Ishida Norihiro, Hayashi Koji, Hattori Asuka, Yogo Keiichiro, Kimura Toru, Takeya Tatsuo
Graduate School of Biological Sciences, Nara Institute of Science and Technology, Ikoma, Nara, Japan.
J Bone Miner Res. 2006 Jan;21(1):48-57. doi: 10.1359/JBMR.051001. Epub 2005 Oct 10.
We found that a chemokine receptor gene, CCR1, acts downstream of NFAT2 in RANKL-stimulated RAW264 and bone marrow cells. The upstream regulatory region of CCR1 showed RANKL-dependent and CsA-suppressible promoter activity. Downregulation of the expression and function of CCR1 suppressed cell migration.
We previously reported that the expression of NFAT2 induced by RANKL is a key process for progression to multinucleated cells in an in vitro osteoclastogenesis system. Identifying the target genes of NFAT2 would thus be informative about the differentiation process. We focused here on chemokine and chemokine receptor genes that act downstream of NFAT2 in RAW264 cells as well as osteoclast precursors prepared from bone marrow cells.

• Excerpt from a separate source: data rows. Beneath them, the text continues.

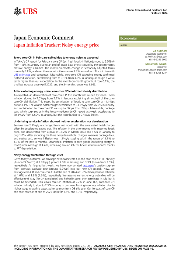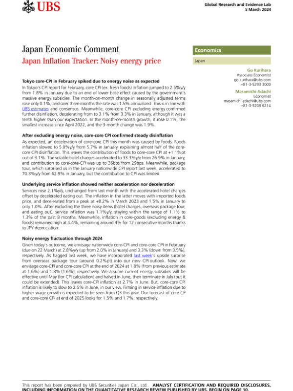 【UBS Securities Japan Co.&Ltd.】【20240305】Japan Inflation Tracker Noisy energy price-14页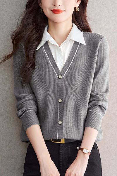 現物ファッションの新商品の洋気2024メリヤスシャツ春と秋の感覚の底のシャツの中に偽の2枚の上着の女性のセーターを掛けます。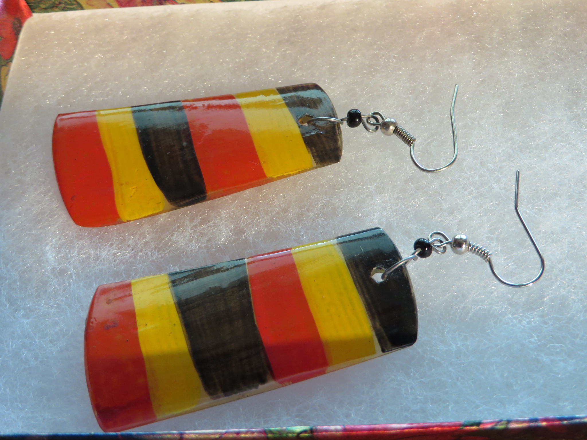 Named after the Ammannia Coccinea used in many dyes – Orange and yellow convexes- “Ikobookobo earrings - J046” $17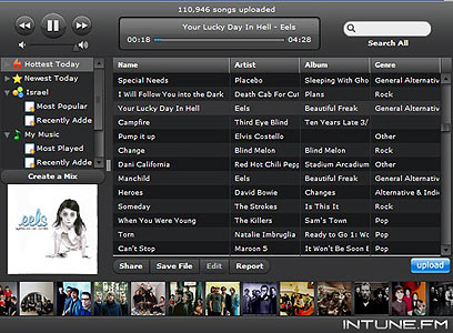 אחת האפשרויות היותר מוצלחת ב- inTune.fm היא create a mix – אתם מזינים של זמר, זמרת או להקה, והשירות יוצר עבורכם פלייליסט עם קו מוזיקלי תואם של אמנים שסגנונם דומה.

RAW264 mouse monocyte/macrophage line cells were cultured with or without cyclosporin A (CsA) in the presence of RANKL or glutathione S-transferase (GST). Osteoclast precursors were prepared from bone marrow cells. RANKL-inducible and CsA-suppressible genes were searched for by microarray analysis, and expression was confirmed by quantitative RT-PCR. Promoter activity was measured by luciferase gene reporter assay. Short interfering (si)RNA for CCR1 was introduced in RAW264 cells. Cell migration activity was examined using a Boyden chamber assay.

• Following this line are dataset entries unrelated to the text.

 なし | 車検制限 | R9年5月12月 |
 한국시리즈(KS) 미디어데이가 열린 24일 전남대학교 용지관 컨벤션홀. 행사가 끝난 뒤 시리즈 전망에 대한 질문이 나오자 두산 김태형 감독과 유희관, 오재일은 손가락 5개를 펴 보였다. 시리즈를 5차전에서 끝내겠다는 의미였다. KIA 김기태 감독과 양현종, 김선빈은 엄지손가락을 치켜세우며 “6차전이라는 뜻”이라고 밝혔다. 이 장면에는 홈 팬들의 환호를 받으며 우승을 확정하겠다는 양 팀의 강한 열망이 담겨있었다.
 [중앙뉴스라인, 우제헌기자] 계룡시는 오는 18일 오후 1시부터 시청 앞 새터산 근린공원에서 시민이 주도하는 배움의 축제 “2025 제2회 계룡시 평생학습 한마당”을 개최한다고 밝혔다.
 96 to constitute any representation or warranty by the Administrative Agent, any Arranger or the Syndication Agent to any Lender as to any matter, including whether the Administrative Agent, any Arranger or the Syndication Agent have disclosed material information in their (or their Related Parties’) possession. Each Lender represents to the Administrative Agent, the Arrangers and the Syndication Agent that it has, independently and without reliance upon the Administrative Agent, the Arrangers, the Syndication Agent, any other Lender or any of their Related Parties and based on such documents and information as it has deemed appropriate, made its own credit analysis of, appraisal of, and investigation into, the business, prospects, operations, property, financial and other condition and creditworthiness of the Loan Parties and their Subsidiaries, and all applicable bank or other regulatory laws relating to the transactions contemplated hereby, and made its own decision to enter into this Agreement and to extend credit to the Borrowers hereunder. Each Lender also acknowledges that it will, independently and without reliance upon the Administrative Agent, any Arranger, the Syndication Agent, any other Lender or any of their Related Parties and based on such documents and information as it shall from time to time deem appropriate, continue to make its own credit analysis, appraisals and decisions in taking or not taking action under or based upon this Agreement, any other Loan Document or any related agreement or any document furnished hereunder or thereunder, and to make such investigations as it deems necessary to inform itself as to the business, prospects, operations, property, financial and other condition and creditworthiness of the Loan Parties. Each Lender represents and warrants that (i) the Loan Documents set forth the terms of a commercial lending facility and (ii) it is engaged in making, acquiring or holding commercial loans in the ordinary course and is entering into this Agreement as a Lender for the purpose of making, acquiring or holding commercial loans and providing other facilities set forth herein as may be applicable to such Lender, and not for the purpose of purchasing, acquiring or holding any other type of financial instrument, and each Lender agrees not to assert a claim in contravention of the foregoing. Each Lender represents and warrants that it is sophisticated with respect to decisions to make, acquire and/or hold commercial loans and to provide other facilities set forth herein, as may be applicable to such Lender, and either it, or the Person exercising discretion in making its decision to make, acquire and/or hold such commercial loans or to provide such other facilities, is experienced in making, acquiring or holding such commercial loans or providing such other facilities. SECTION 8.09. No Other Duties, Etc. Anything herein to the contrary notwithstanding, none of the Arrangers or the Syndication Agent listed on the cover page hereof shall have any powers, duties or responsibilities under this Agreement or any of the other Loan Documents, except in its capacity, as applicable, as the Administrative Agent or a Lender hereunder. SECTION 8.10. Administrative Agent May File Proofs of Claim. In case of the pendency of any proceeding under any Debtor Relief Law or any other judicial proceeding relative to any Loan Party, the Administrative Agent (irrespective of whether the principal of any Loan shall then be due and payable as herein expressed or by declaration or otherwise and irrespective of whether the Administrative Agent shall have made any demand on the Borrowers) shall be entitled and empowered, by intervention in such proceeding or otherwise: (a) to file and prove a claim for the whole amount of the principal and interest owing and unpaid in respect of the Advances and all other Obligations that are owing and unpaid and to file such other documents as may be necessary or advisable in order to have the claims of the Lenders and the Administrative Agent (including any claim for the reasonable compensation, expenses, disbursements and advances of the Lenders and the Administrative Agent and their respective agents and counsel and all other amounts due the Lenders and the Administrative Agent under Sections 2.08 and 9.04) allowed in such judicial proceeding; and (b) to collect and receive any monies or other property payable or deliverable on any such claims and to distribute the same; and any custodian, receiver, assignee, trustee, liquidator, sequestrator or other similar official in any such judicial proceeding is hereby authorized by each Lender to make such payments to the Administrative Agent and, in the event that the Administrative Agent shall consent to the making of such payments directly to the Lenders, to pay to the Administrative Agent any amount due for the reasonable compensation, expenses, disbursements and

We identified the chemokine receptor gene CCR1 as a gene showing significant differential expression profiles in osteoclastogenesis in the presence versus the absence of CsA, an inhibitor of NFAT. This property was unique to CCR1 among the chemokine and chemokine receptor genes examined in both RAW264 and bone marrow cells. The upstream regulatory region was isolated from CCR1, and its RANKL-dependent and CsA-suppressible promoter activity was confirmed. The functional significance of CCR1 was assessed by monitoring the migration of cells in a transwell migration assay, and this activity was abolished when either CsA- or CCR1 siRNA-treated cells were used. Moreover, treatment with a Galpha inhibitor pertussis toxin (PTX) or methiolynated-regulated on activation, normal T cells expressed and secreted (Met-RANTES), an antagonist of CCR1, suppressed multinucleated cell formation in the bone marrow cell system. Together, these results suggest that the CCR1 signaling cascade is under the control of NFAT2 and seems to enhance the migration of differentiating osteoclasts.
我们发现趋化因子受体基因CCR1在RANKL刺激的RAW264和骨髓细胞中作用于NFAT2的下游。CCR1的上游调控区域表现出RANKL依赖性和环孢素A(CsA)可抑制的启动子活性。CCR1表达和功能的下调抑制了细胞迁移。
我们之前报道过,在体外破骨细胞生成系统中,RANKL诱导的NFAT2表达是向多核细胞进展的关键过程。因此,鉴定NFAT2的靶基因将有助于了解分化过程。我们在此聚焦于在RAW264细胞以及从骨髓细胞制备的破骨细胞前体中作用于NFAT2下游的趋化因子和趋化因子受体基因。
RAW264小鼠单核细胞/巨噬细胞系细胞在有或无环孢菌素A(CsA)的情况下,于RANKL或谷胱甘肽S -转移酶(GST)存在时进行培养。破骨细胞前体从骨髓细胞制备。通过微阵列分析寻找RANKL诱导且CsA可抑制的基因,并通过定量RT - PCR确认表达。通过荧光素酶基因报告测定法测量启动子活性。将针对CCR1的短干扰(si)RNA导入RAW264细胞。使用博伊登小室测定法检测细胞迁移活性。
我们鉴定出趋化因子受体基因CCR1是一个在存在与不存在NFAT抑制剂CsA的破骨细胞生成过程中显示出显著差异表达谱的基因。在RAW264和骨髓细胞中检测的趋化因子和趋化因子受体基因中,这种特性是CCR1独有的。从CCR1中分离出上游调控区域,并确认了其RANKL依赖性和CsA可抑制的启动子活性。通过监测跨膜迁移测定中细胞的迁移来评估CCR1的功能意义,当使用经CsA或CCR1 siRNA处理的细胞时,这种活性被消除。此外,用Gα抑制剂百日咳毒素(PTX)或CCR1拮抗剂甲硫氨酸化调节激活正常T细胞表达和分泌的趋化因子(Met - RANTES)处理可抑制骨髓细胞系统中的多核细胞形成。总之,这些结果表明CCR1信号级联受NFAT2控制,并且似乎增强了分化中破骨细胞的迁移。